• **TASK TO COMPLETE**
Transcribe the full listing exactly, and drop every picture.

• **DATA BELOW**
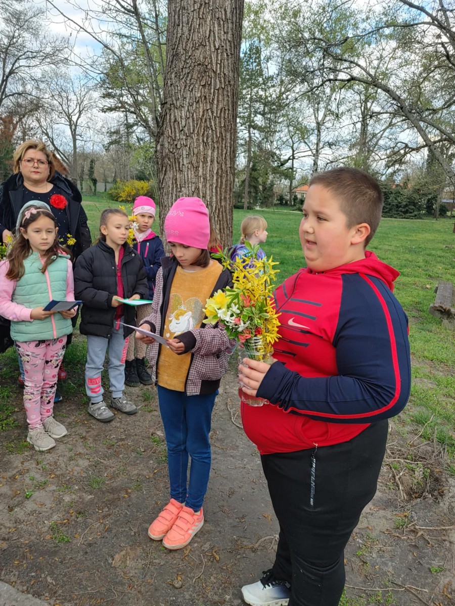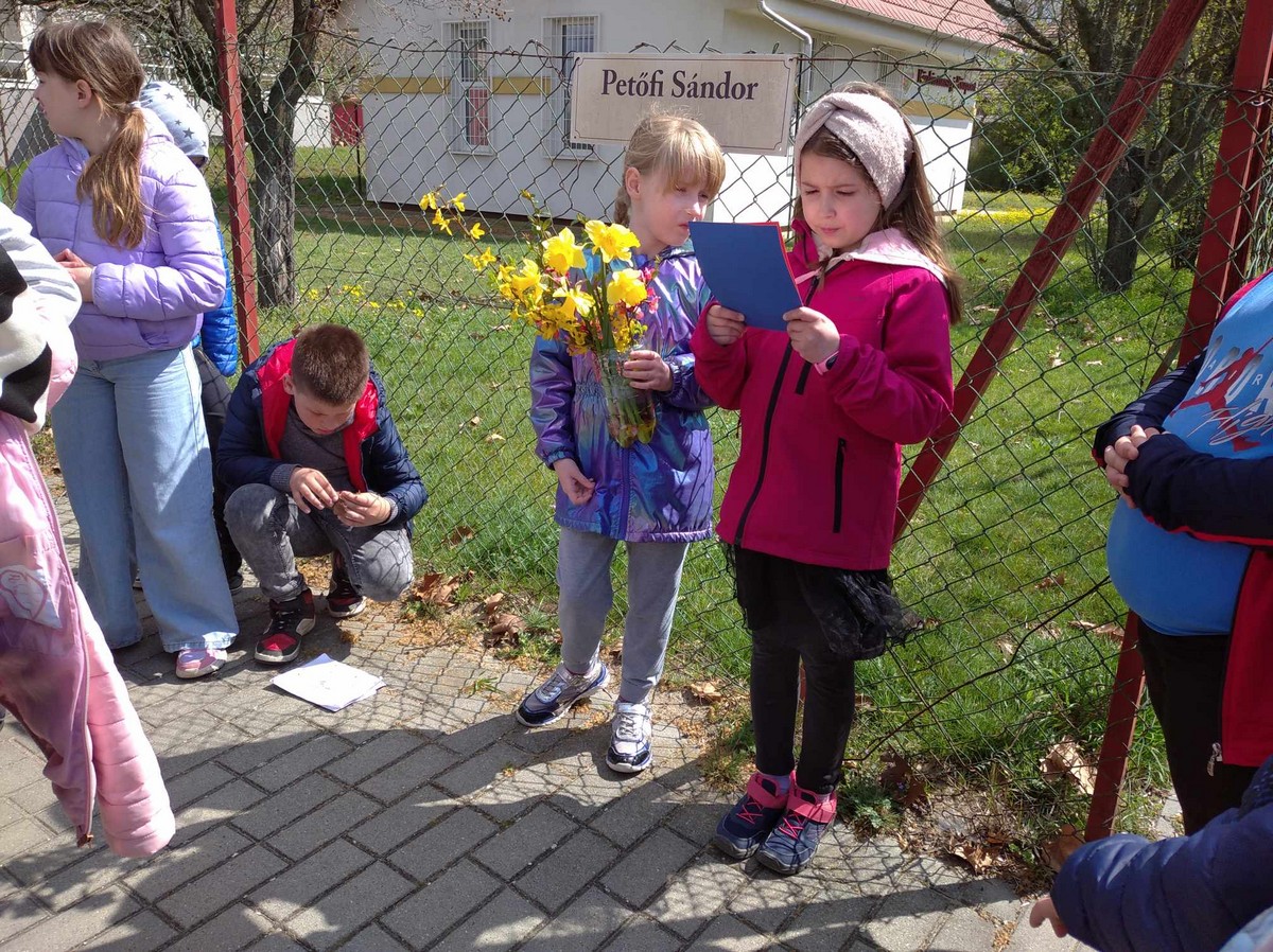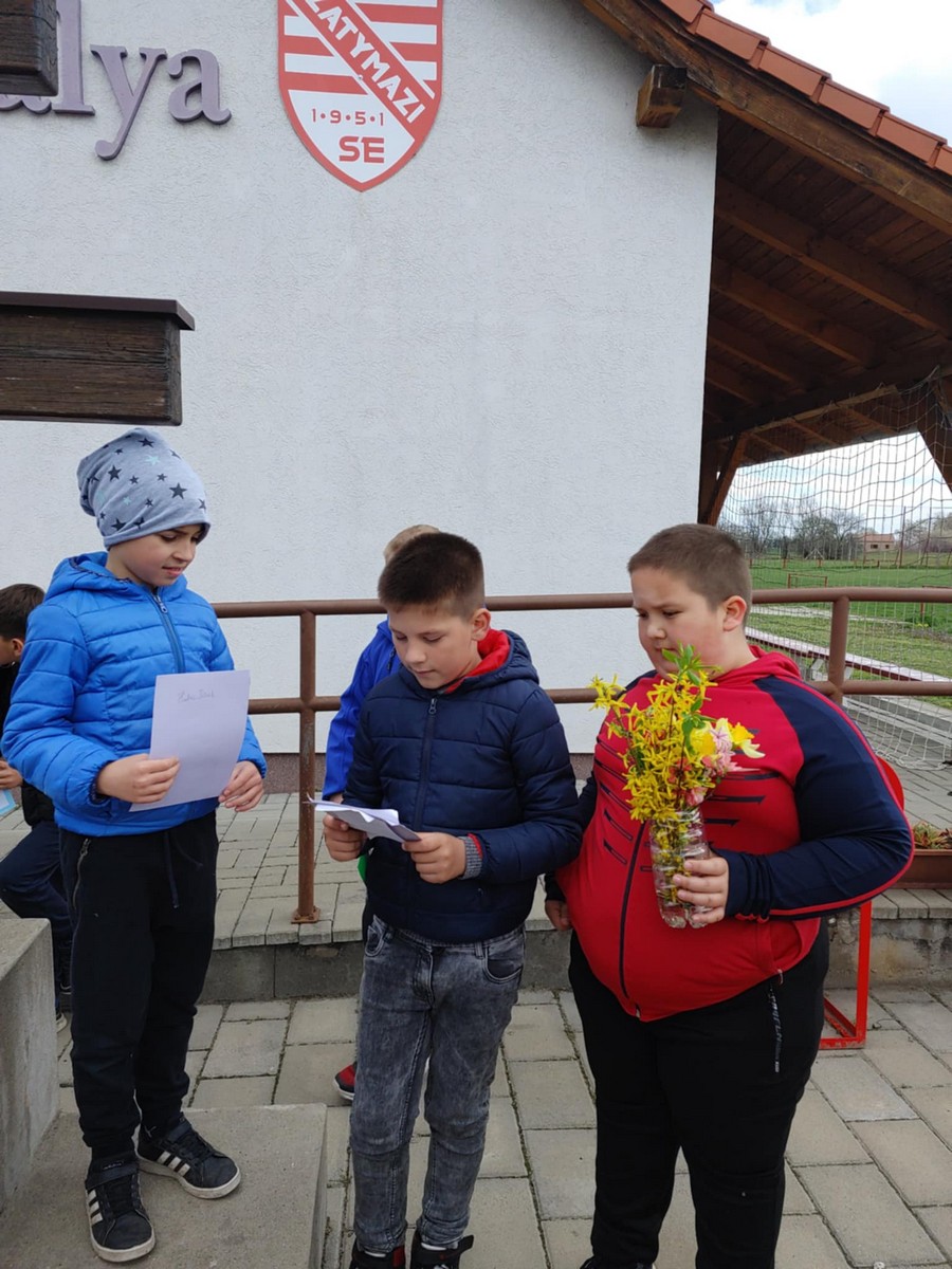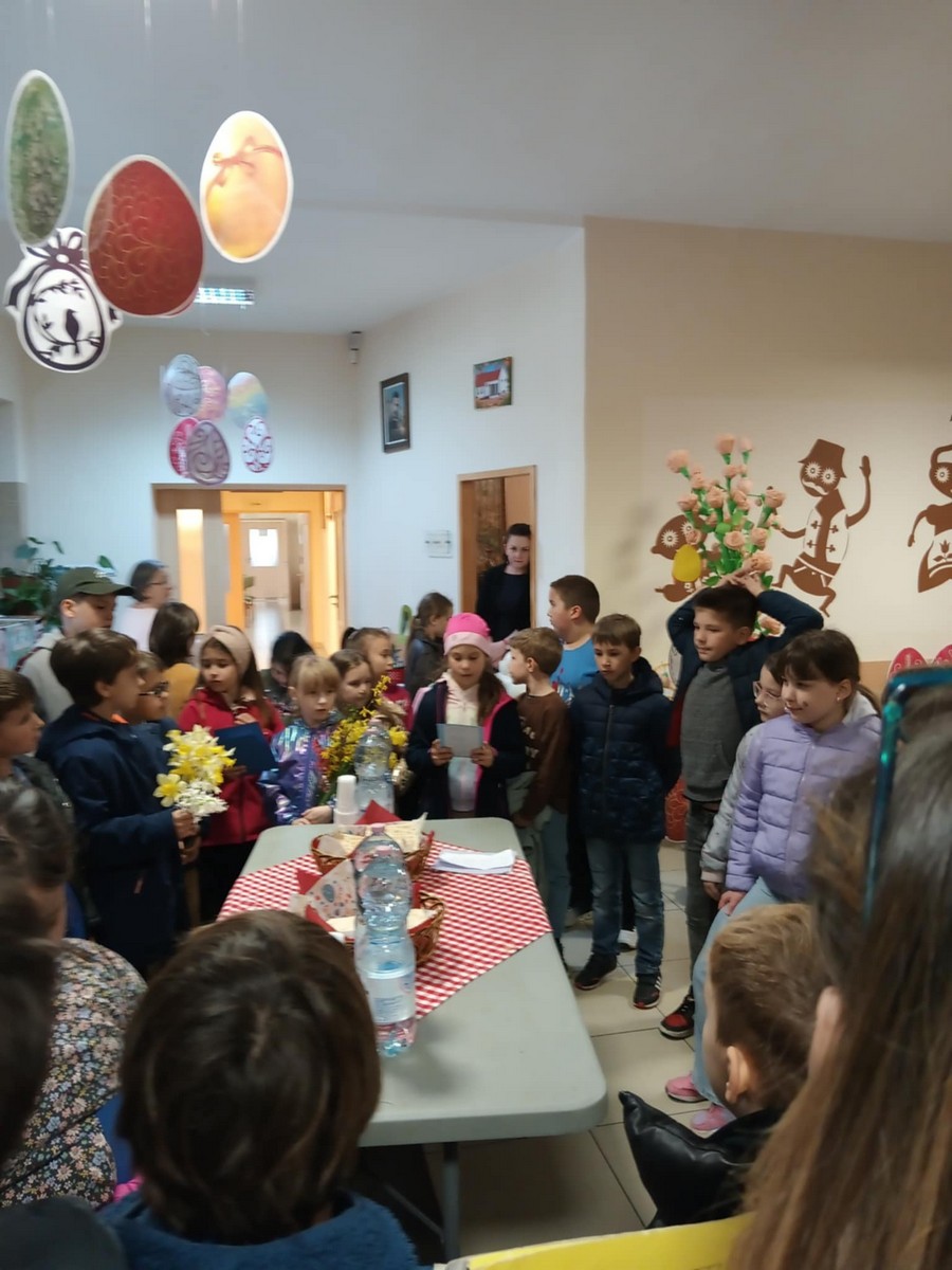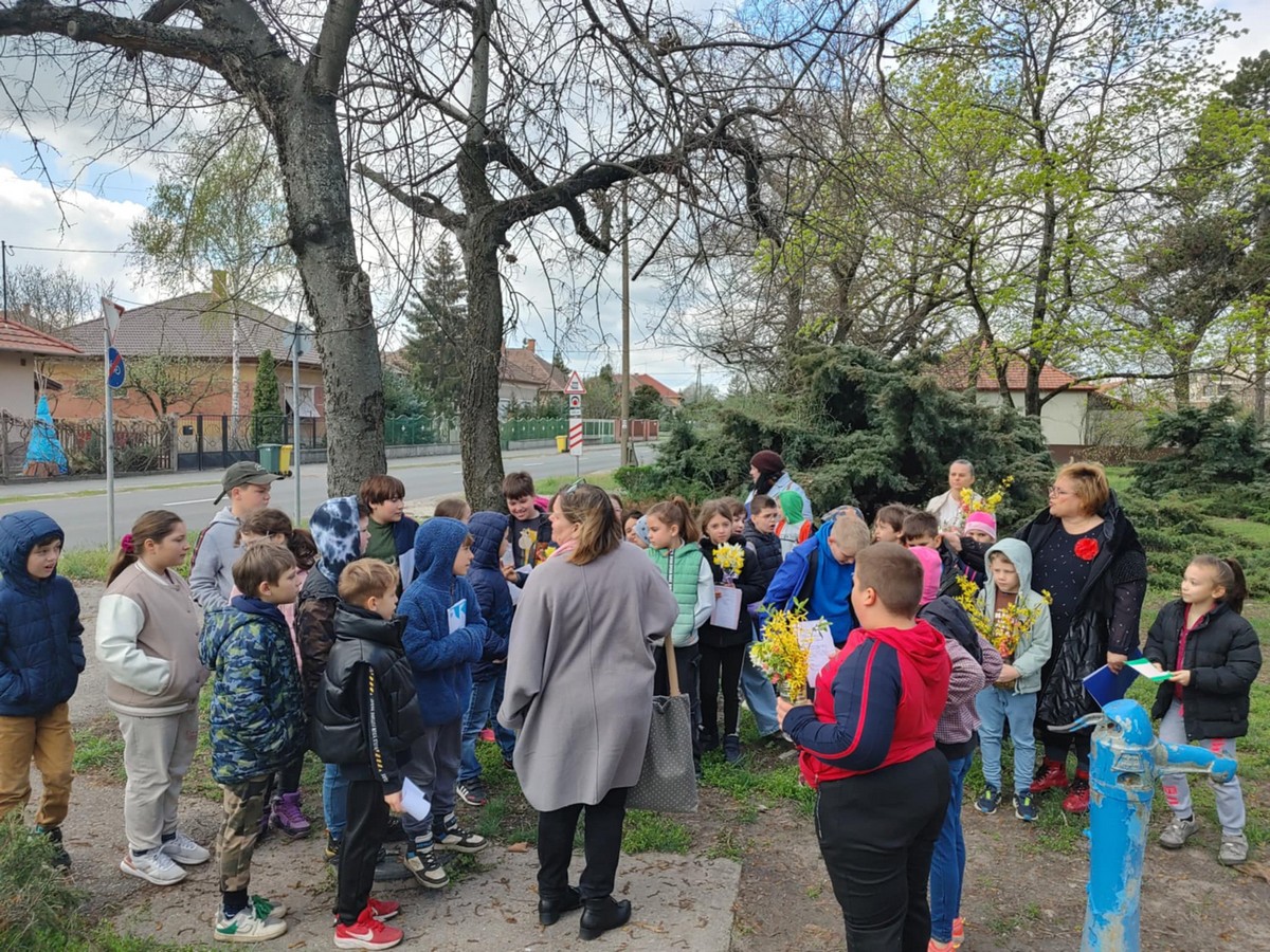 A Gondozási Központ udvarán kedves vendéglátásban volt részünk, énekkel viszonoztuk. Szent II. János Pál pápa szobrának Szatymazra érkezéséről hallottunk, arról is, iskolánk sakkban ügyes diákjai rendszeresen részt vesznek a Wojtyla Kupán. A Dankó Pista Művelődési Házban pászkát és vizet vettünk magunkhoz, visszaemlékezve Mózesre, aki kivezette a zsidóságot Egyiptomból, az első húsvét alkalmával.
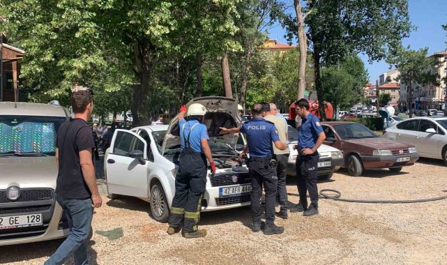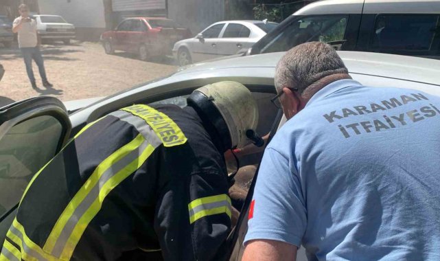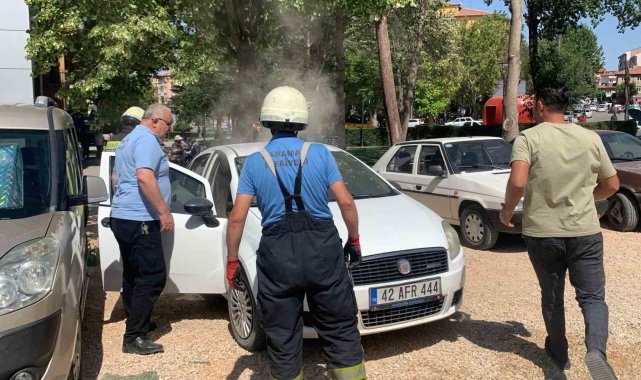 Karaman'da park halindeki otomobilde bulunan telefon bataryasının aşırı sıcaktan dolayı patlaması sonucu çıkan yangın büyümeden söndürüldü.
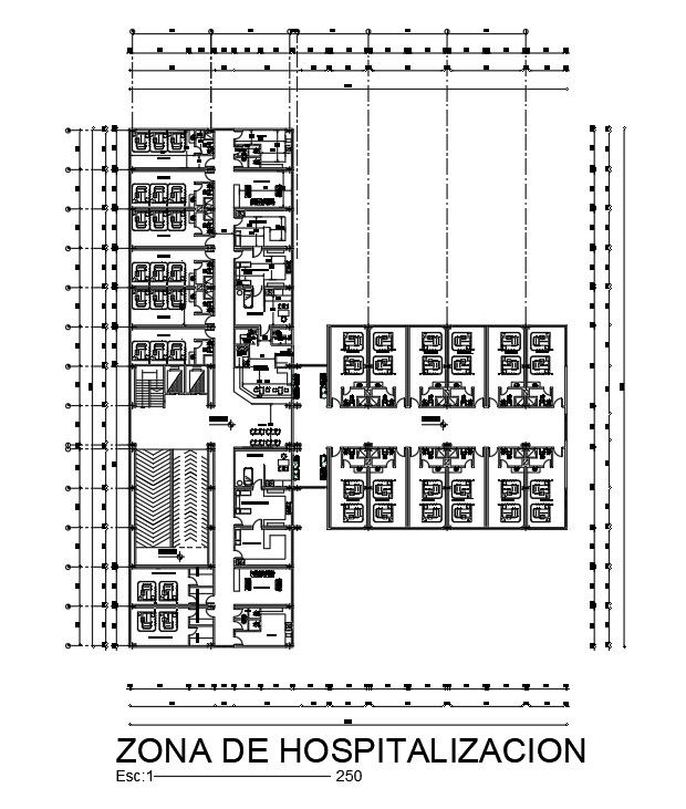 20x24m hospital plan is given in this AutoCAD model. Download now.

• **SOLUTION FOR THIS PROBLEM**
 A Gondozási Központ udvarán kedves vendéglátásban volt részünk, énekkel viszonoztuk. Szent II. János Pál pápa szobrának Szatymazra érkezéséről hallottunk, arról is, iskolánk sakkban ügyes diákjai rendszeresen részt vesznek a Wojtyla Kupán. A Dankó Pista Művelődési Házban pászkát és vizet vettünk magunkhoz, visszaemlékezve Mózesre, aki kivezette a zsidóságot Egyiptomból, az első húsvét alkalmával.
 Karaman'da park halindeki otomobilde bulunan telefon bataryasının aşırı sıcaktan dolayı patlaması sonucu çıkan yangın büyümeden söndürüldü.
 20x24m hospital plan is given in this AutoCAD model. Download now.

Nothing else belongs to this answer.